#### [TRY IT]
Would you repeat the data below exactly, taking out the images?
++++ DATA SEGMENT
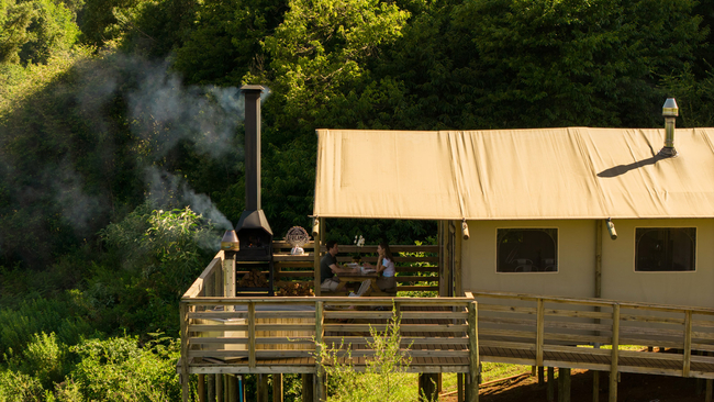 Enjoy a braai on our spacious wooden decks and take in the views from the comfortable deck loungers. Pull up the front covers and transform the tent into a large outdoor living area. Enjoy the outdoor wood-fired hot tub or splash pool.
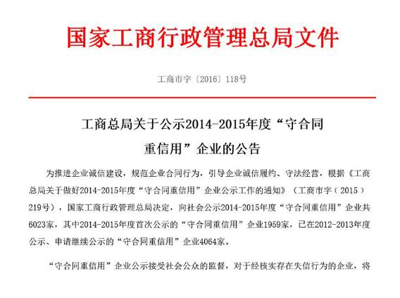 近日,國(guó)家工商行政管理總局向社會(huì)公布了2014-2015年國(guó)家級(jí)“守合同,重信用”企業(yè)名單,我公司以誠(chéng)信經(jīng)營(yíng)的理念和實(shí)際行動(dòng)再次獲得社會(huì)各界的認(rèn)可,榮獲了此殊榮。
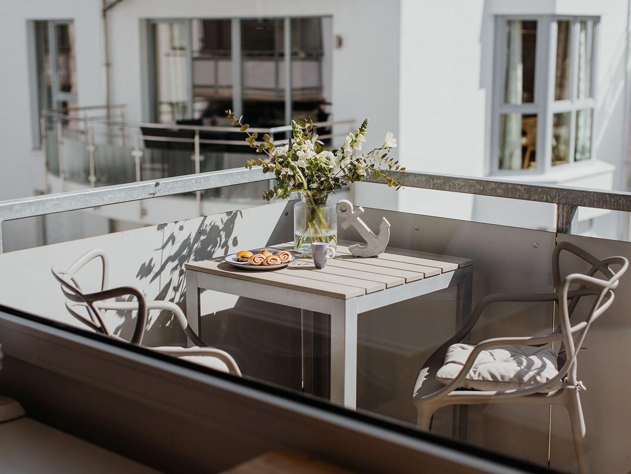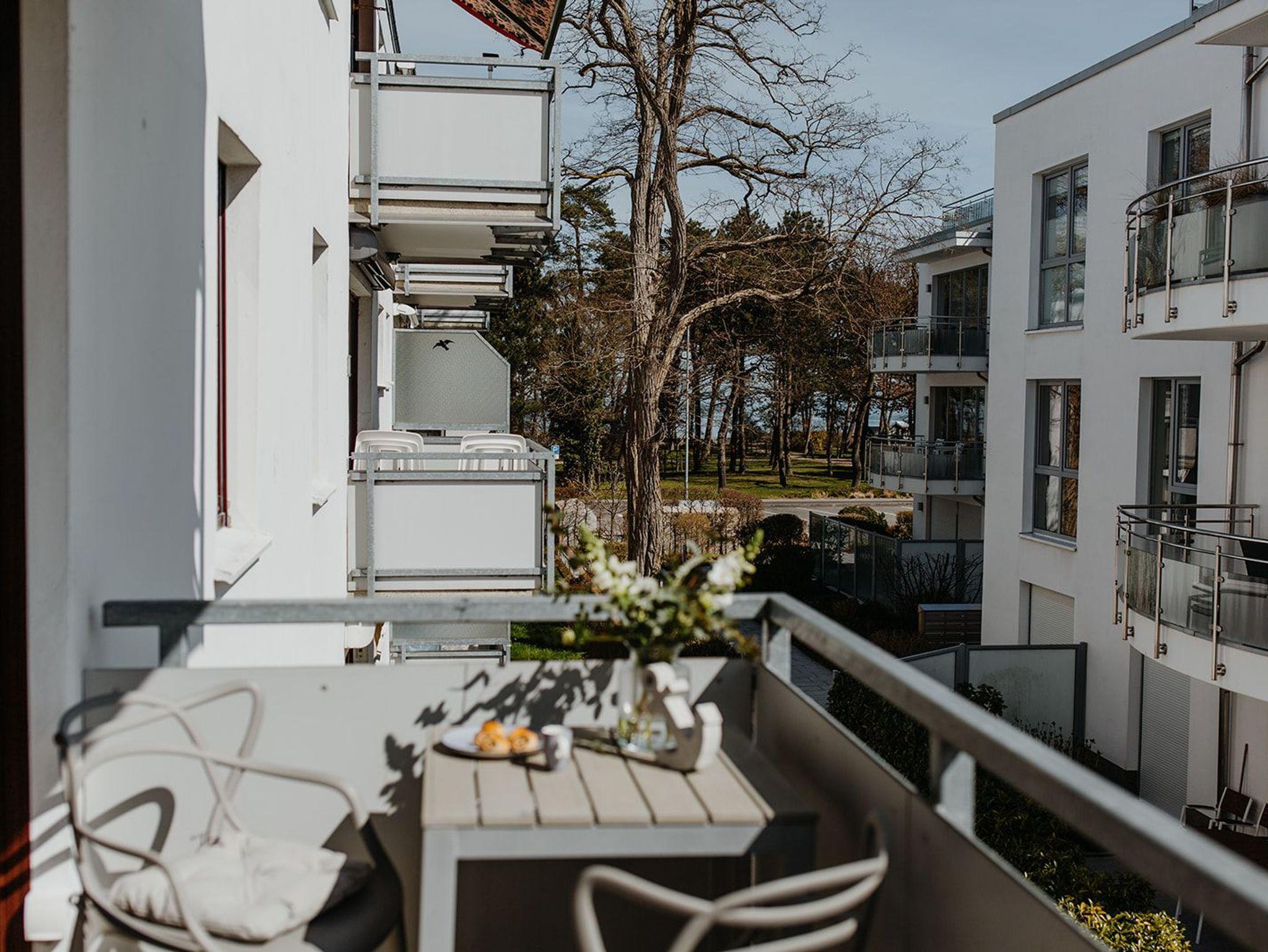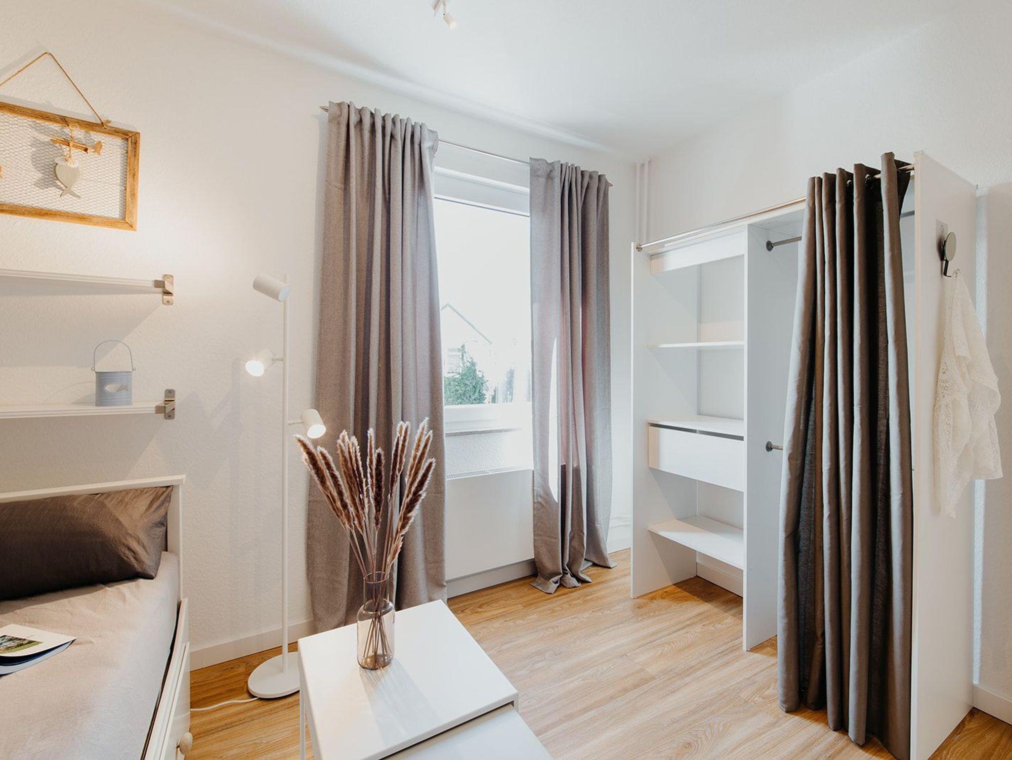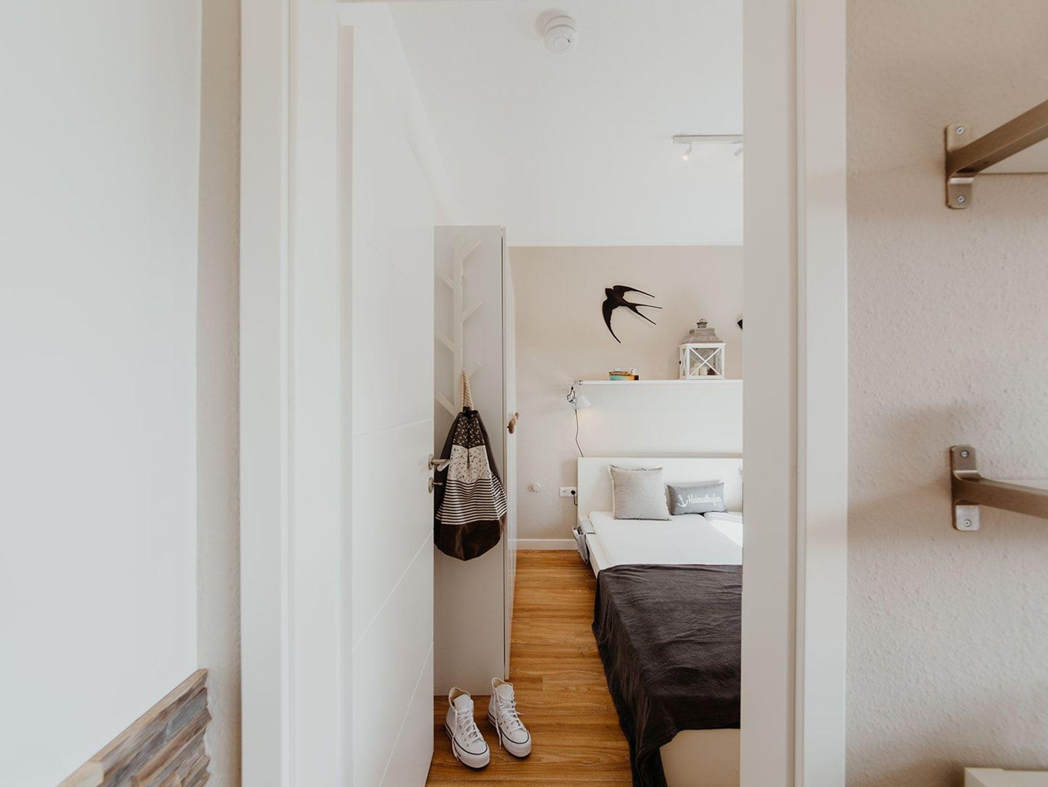 Klein aber fein, hell und freundlich und gespickt mit vielen liebevollen Details präsentiert sich die Ferienwohnung No. 188. Jeder qm ist optimal genutzt und mit ausreichend Ablageflächen, Stauraum und Haken versehen. Es gibt zwei separate Schlafzimmer, ausgestattet mit Doppelbett (180x200), Einzelbett mit Auszug (160x200), Verdunkelungsvorhängen und TV. Strandflair pur ist im Wohnbereich zu finden, der mit einem Sofa und einem Essbereich für 4 Personen ausgestattet ist. Die integrierte kleine Einbauküche fügt sich wunderbar ein und ist bestens ausgestattet. Vom vorgelagerten Sonnenbalkon mit elektrischer Markise und Gartenmöbeln kann man die Ostsee nicht nur hören sondern auch blitzen sehen.
++++++++
#### [WORKED SOLUTION]
 Enjoy a braai on our spacious wooden decks and take in the views from the comfortable deck loungers. Pull up the front covers and transform the tent into a large outdoor living area. Enjoy the outdoor wood-fired hot tub or splash pool.
 近日,國(guó)家工商行政管理總局向社會(huì)公布了2014-2015年國(guó)家級(jí)“守合同,重信用”企業(yè)名單,我公司以誠(chéng)信經(jīng)營(yíng)的理念和實(shí)際行動(dòng)再次獲得社會(huì)各界的認(rèn)可,榮獲了此殊榮。
 Klein aber fein, hell und freundlich und gespickt mit vielen liebevollen Details präsentiert sich die Ferienwohnung No. 188. Jeder qm ist optimal genutzt und mit ausreichend Ablageflächen, Stauraum und Haken versehen. Es gibt zwei separate Schlafzimmer, ausgestattet mit Doppelbett (180x200), Einzelbett mit Auszug (160x200), Verdunkelungsvorhängen und TV. Strandflair pur ist im Wohnbereich zu finden, der mit einem Sofa und einem Essbereich für 4 Personen ausgestattet ist. Die integrierte kleine Einbauküche fügt sich wunderbar ein und ist bestens ausgestattet. Vom vorgelagerten Sonnenbalkon mit elektrischer Markise und Gartenmöbeln kann man die Ostsee nicht nur hören sondern auch blitzen sehen.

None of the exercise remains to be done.